Dictionary containing:

  • accuracy (float): Overall accuracy score (0.0 to 1.0), same as exact_accuracy if fuzzy_match is False, else fuzzy_accuracy.
  • exact_accuracy (float): Exact match accuracy score.
  • fuzzy_accuracy (float): Fuzzy match accuracy score (if fuzzy_match is True).
  • correct (int): Number of exact correct predictions.
  • correct_fuzzy (int): Number of fuzzy correct predictions (if fuzzy_match is True).
  • total (int): Total number of predictions.
  • mean_score (float): Mean of individual scores (1.0 for exact, fuzzy_threshold for fuzzy, 0.0 for none).
  • std_score (float): Standard deviation of individual scores.
  • individual_scores (List[float]): List of individual scores for each prediction.
  • match_types (List[str]): List indicating match type for each prediction ("exact", "fuzzy", "none").
  • accuracy_confidence_interval (Tuple[float, float], optional): 95% confidence interval for accuracy. This field is only included when return_confidence=True; otherwise, it is omitted from the returned dictionary.

Usage

from benchwise import accuracy

predictions = ["Paris", "London", "Tokyo"]
references = ["Paris", "London", "Berlin"]

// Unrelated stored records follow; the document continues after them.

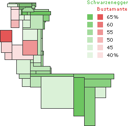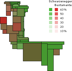 Of that total, 81,560 pixels (95%) are Schwarzenegger green, and 4,471 pixels (5%) are Bustamante red.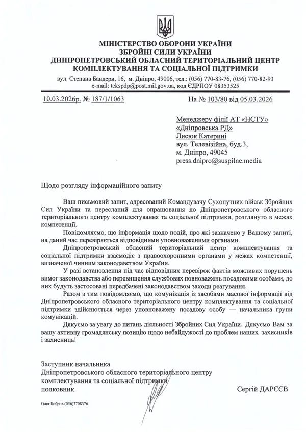 Офіційна відповідь ТЦК на запит журналістів щодо інциденту з ветераном / Суспільне Дніпро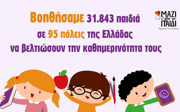 Η Ένωση «Μαζί για το Παιδί» βοήθησε 31.843 παιδιά σε 95 πόλεις της Ελλάδας να βελτιώσουν την καθημερινότητα τους.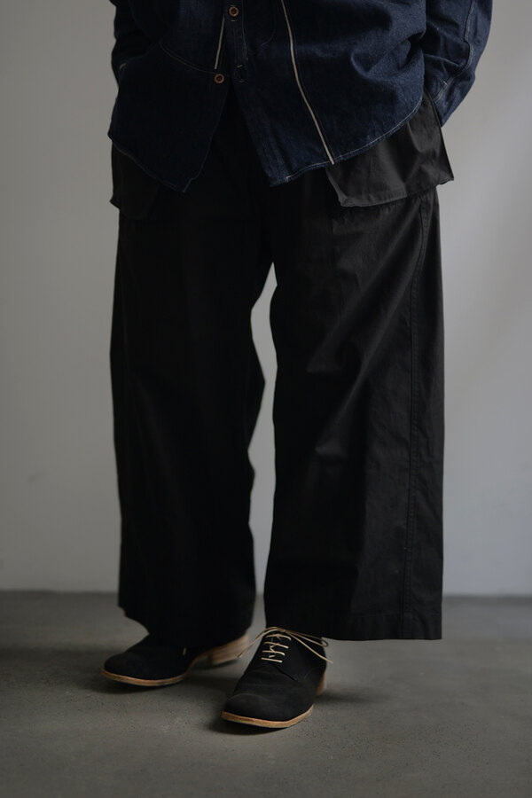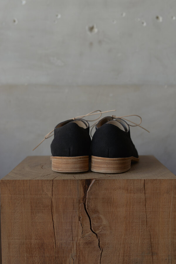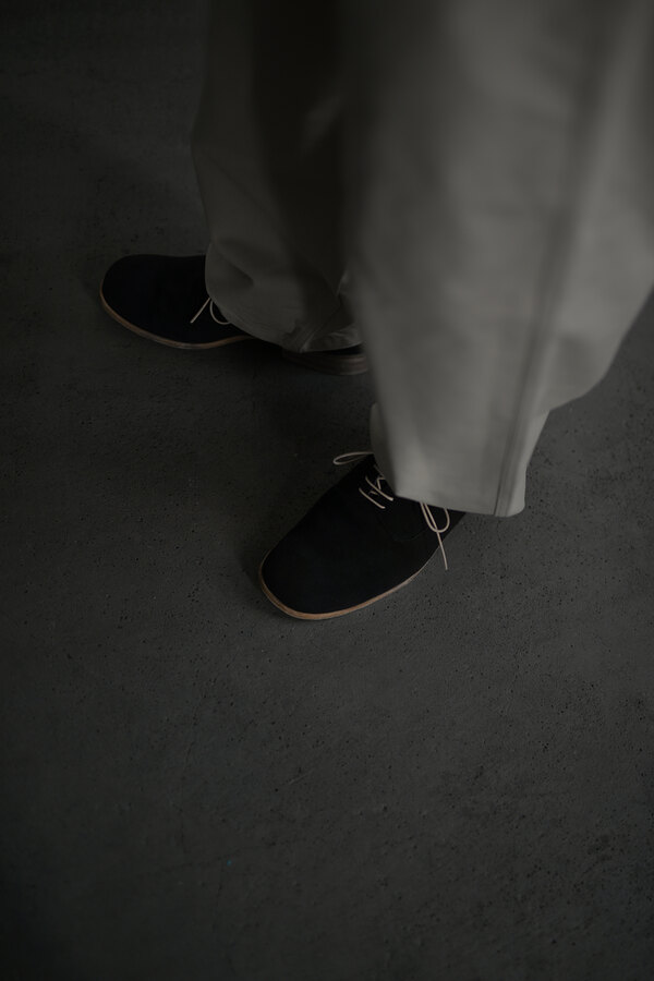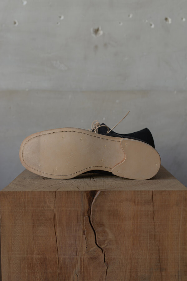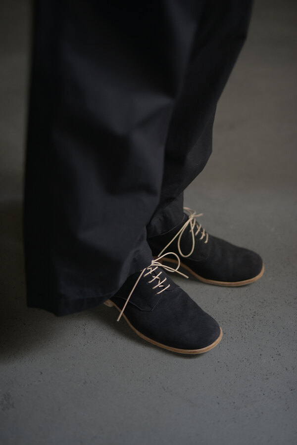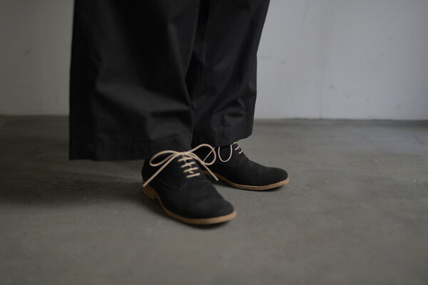 初めてPETROSOLAUMを手にしたのが10年前。その時のラストがこの02でした。この革を見た時に久しぶりに履きたいと思いました。ディアスキンに奄美大島で泥で染め、そこから藍を入れ、限りなく黒に近づけた革。染めては乾かし、染めては乾かし。とても手間のかかる作業。だからこそ素晴らしいプロダクトが生まれるのです。履いていくとどんな風に変化していくのか?聞くと少しずつ泥染めの茶色が出てくるそうです。履きこんだ先のそれを見てみたい!と思ってお店に並べることにしました。製品で洗いも掛けてあるので初めから良い雰囲気。軽やかで、柔らかく、歩いてみるととても快適でした。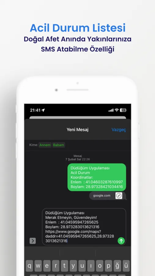 Enkaz altında iken veya Acil durumlarda düdük sesi çıkartarak konumuzun belirlenip, önceden belirlediğiniz numaralara SMS göndererek Güvende olup olmadığınızı bildirir. Uygulamamız reklam içermez. ve herhangi bir maddi gelir elde etmek veya veri toplamak amacı ile değil, insanlık namına yapılmış bir uygulamadır. Yorum ve eleştirilerinizi bu minvalde yaparsanız sevinirim.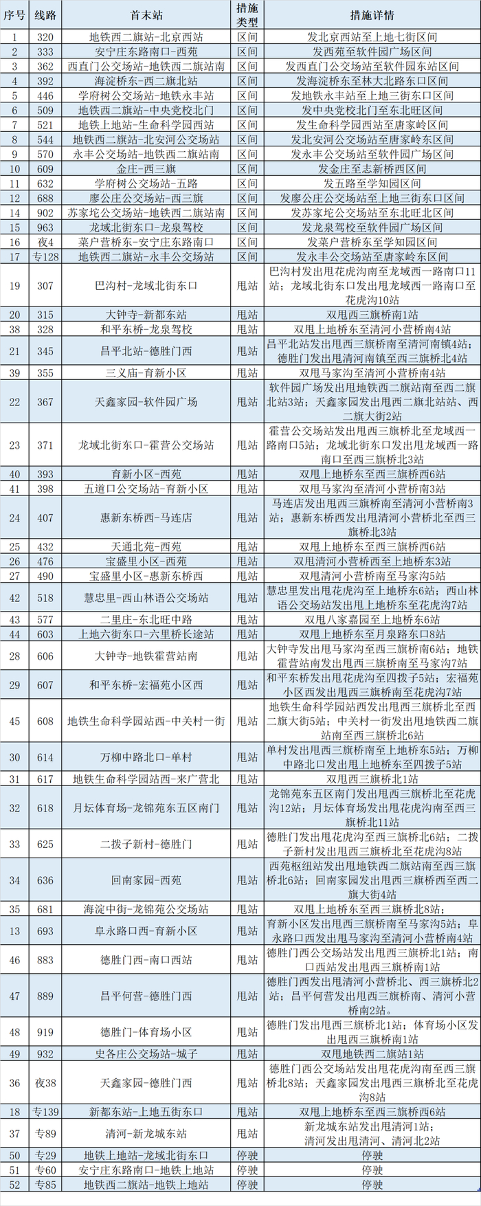 途经海淀区清河街道及周边划定重点区域的52条公交线路,采取甩站、区域外区间、停驶等措施。

result = accuracy(predictions, references)
print(f"Accuracy: {result['accuracy']:.2%}") # 66.67%
print(f"Correct: {result['correct']}") # 2
print(f"Total: {result['total']}") # 3

In Evaluations

from benchwise import evaluate, create_qa_dataset, accuracy

dataset = create_qa_dataset(
questions=["What is AI?", "What is ML?"],
answers=["Artificial Intelligence", "Machine Learning"]
)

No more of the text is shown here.